The Securities and Exchange Commission today charged the founder of San Francisco-based venture capital funds and his investment advisory firm with overcharging investors to fund personal projects, including sending millions of dollars to his own virtual reality production company.
The SEC’s complaint alleges that Michael B. Rothenberg, 34, marketed his advisory firm, Rothenberg Ventures LLC, as uniquely positioned to identify millennial entrepreneurs and invest in “frontier technology” companies. According to SEC filings, Rothenberg’s funds had nearly 200 investors and more than $64 million in assets. The SEC’s complaint alleges that over a three-year period, Rothenberg and his firm misappropriated millions of dollars from the funds, including an estimated $7 million of excess fees, which Rothenberg used to support personal business ventures he claimed were self-funded and to pay for private parties and events at high-end resorts and Bay Area sporting arenas.

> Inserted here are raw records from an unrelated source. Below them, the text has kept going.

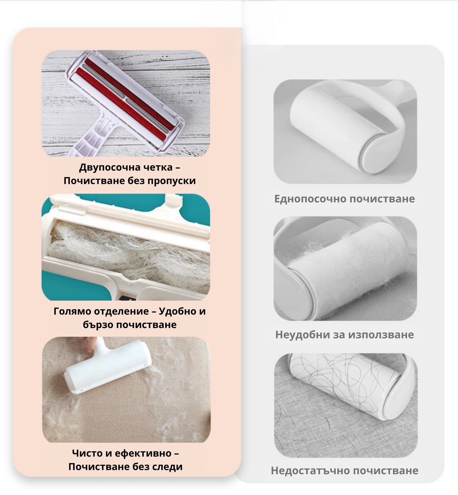 Ролерът събира козина и косми във всички посоки, благодарение на двупосочния си механизъм, който улавя космите както напред, така и назад. Специалната повърхност събира дори фин пух само с няколко движения, без нужда от лепенки или батерии. Вътрешните ленти насочват събраната козина директно в отделението, което се почиства лесно и удобно. Подходящ за дивани, килими, завивки и автомобилни седалки. Бърз, ефективен и многократен, този ролер прави почистването по-лесно от всякога.
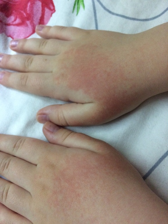у моего такие руки зимой постоянно - даже в крагах не мерзнут вроде - а вот такие же и в этих же местах. Мажу кремом... На холод реакция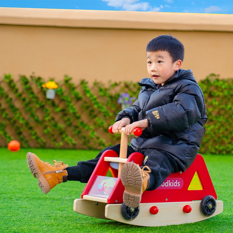 This rocking wagon is designed for infants and toddlers with adult supervision. Perfect for developing balance, coordination, and sensory exploration through safe rocking motion activities.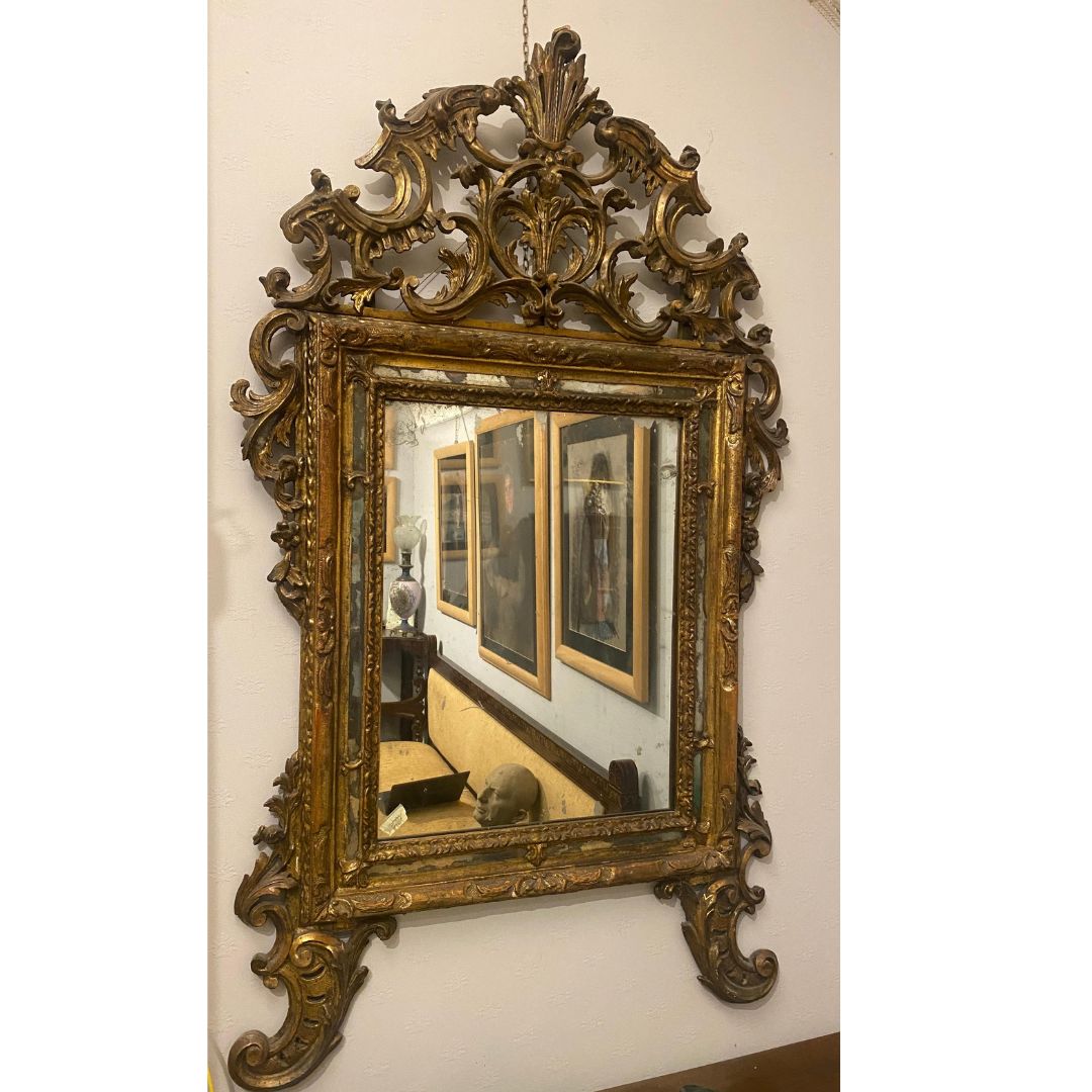 Specchiera in legno dorato a mecca con volute, intagli a motivi floreali, fregio superiore e specchio al mercurio.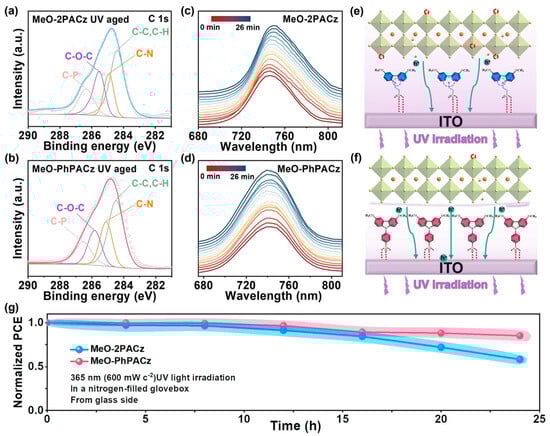 Gao et al. synthesized a novel SAM compound, MeO-PhPACz, based on fully aromatic carbazole and found that MeO-PhPACz exhibits intrinsic UV resistance and enhanced UV absorption, significantly improving the UV resistance of the target PSCs [89]. The performance of MeO-PhPACz as a hole-selective layer (HSL) in an inverted wide-bandgap (1.68 eV) PSC was studied and compared with MeO-2PACz, resulting in an optimized device with a PCE of 21.10%, compared to 19.53% for MeO-2PACz. More importantly, the intrinsic UV resistance and stronger UV absorption capability of the MeO-PhPACz structure make the target PSC exhibit significantly higher UV resistance compared to the MeO-2PACz-based PSC. The use of conjugated linkers stabilizes the electron-rich carbazole part through efficient electron/charge delocalization, resulting in a significant increase in the substrate’s dipole moment and modulated work function (WF). MeO-PhPACz exhibits a larger dipole moment, stronger hole extraction kinetics, and better hole transport properties, making it a more effective hole extraction channel. Additionally, the aromatic linkers provide sufficient orbital overlap to induce conjugation, thereby reducing interfacial non-radiative recombination. As shown in Figure 11, after UV exposure (365 nm), the C-N content of MeO-2PACz/ITO decreased from 24.41% to 13.61%, while MeO-PhPACz/ITO remained stable, demonstrating excellent UV resistance. The MeO-2PACz-based perovskite film exhibits a PL peak redshift and broadening after laser aging, which are typical characteristics of phase segregation, indicating phase separation. In contrast, the MeO-PhPACz-based film’s PL peak remains unchanged, effectively suppressing photo-induced phase segregation. Under 365 nm UV exposure, the PSC with MeO-PhPACz retains 85% of its initial PCE, outperforming MeO-2PACz (which retains < 60%). The MeO-PhPACz hole transport layer absorbs UV light, significantly slowing the decay of PCE under UV exposure from the glass side, which has significant implications for photovoltaic development.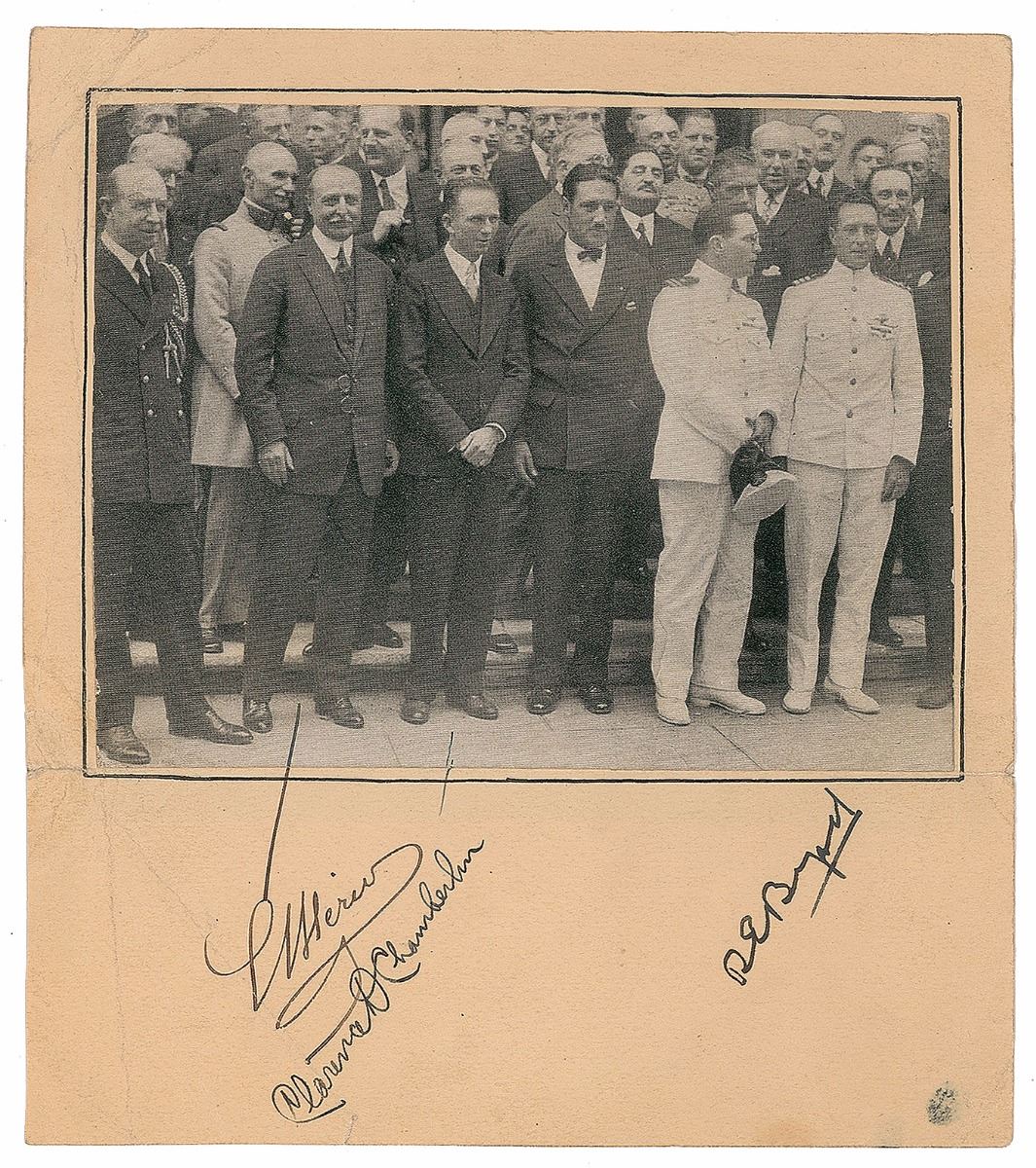 Ink signatures, “L. Bleriot,” “Clarence D. Chamberlain,” and “R. E. Byrd,” on an off-white 5.25 x 6 sheet bearing an affixed newsprint photograph of the three aviators and several others. In very good to fine condition, with creasing, soiling, and mounting remnants on the reverse.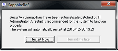 The end user can choose to 'Restart' or click on 'Remind me'. If no action is taken, then the system automatically restarts at the specified time.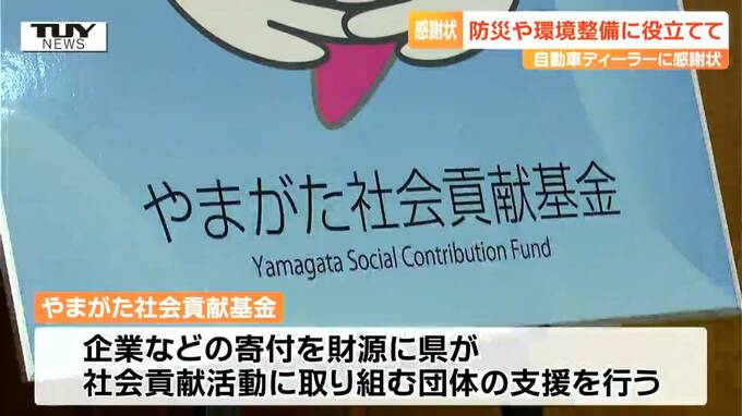 「やまがた社会貢献基金」は企業などの寄付を財源に、県が、社会貢献活動に取り組む団体の支援を行うもので、2社は10年以上前からこの基金に寄付を行っています。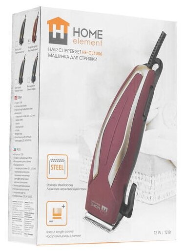 Ниже Вы можете прочитать отзывы на Машинка для стрижки Home Element HE-CL1006 бордовый гранат, ознакомится с подробными характеристиками, посмотреть интересные обзоры и фотографии на Машинка для стрижки Home Element HE-CL1006 бордовый гранат.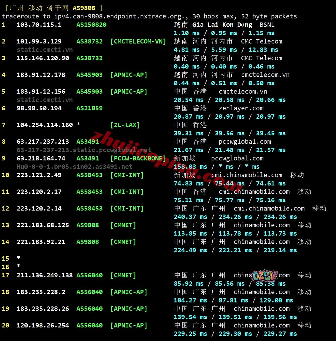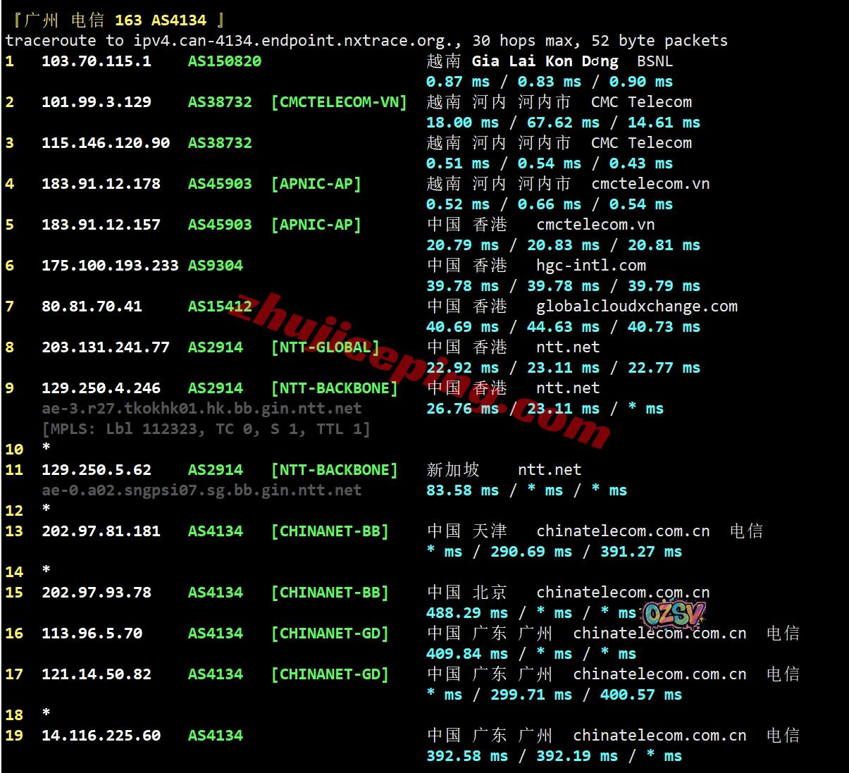 电信去程:直连电信洛杉矶节点然后接pccw去香港 再接越南cmctelecom

“Venture capital investors provide important funding for start-ups but there are risks, including potential harm to investors from unscrupulous managers who defraud them, as we allege Rothenberg did in this case,” said C. Dabney O’Riordan, Co-Chief of the Enforcement Division’s Asset Management Unit.
Without admitting or denying the allegations in the SEC’s complaint, Rothenberg and Rothenberg Ventures agreed to settle the charges. The settlement is subject to approval by the federal district court for the Northern District of California which would determine the amount of disgorgement and civil money penalties. Rothenberg also agreed to be barred from the brokerage and investment advisory business with a right to reapply after five years. An SEC order imposing the bar will be instituted following court approval of the settlement.
The SEC’s investigation was conducted by Eric Brooks, Michael Foley, and Ellen Chen, and was supervised by Jeremy Pendrey of the Enforcement Division’s Asset Management Unit in the San Francisco Regional Office. The SEC’s litigation to determine the amount of disgorgement, prejudgment interest, and penalties, will be led by Barrett Atwood and Andrew Hefty of the San Francisco office.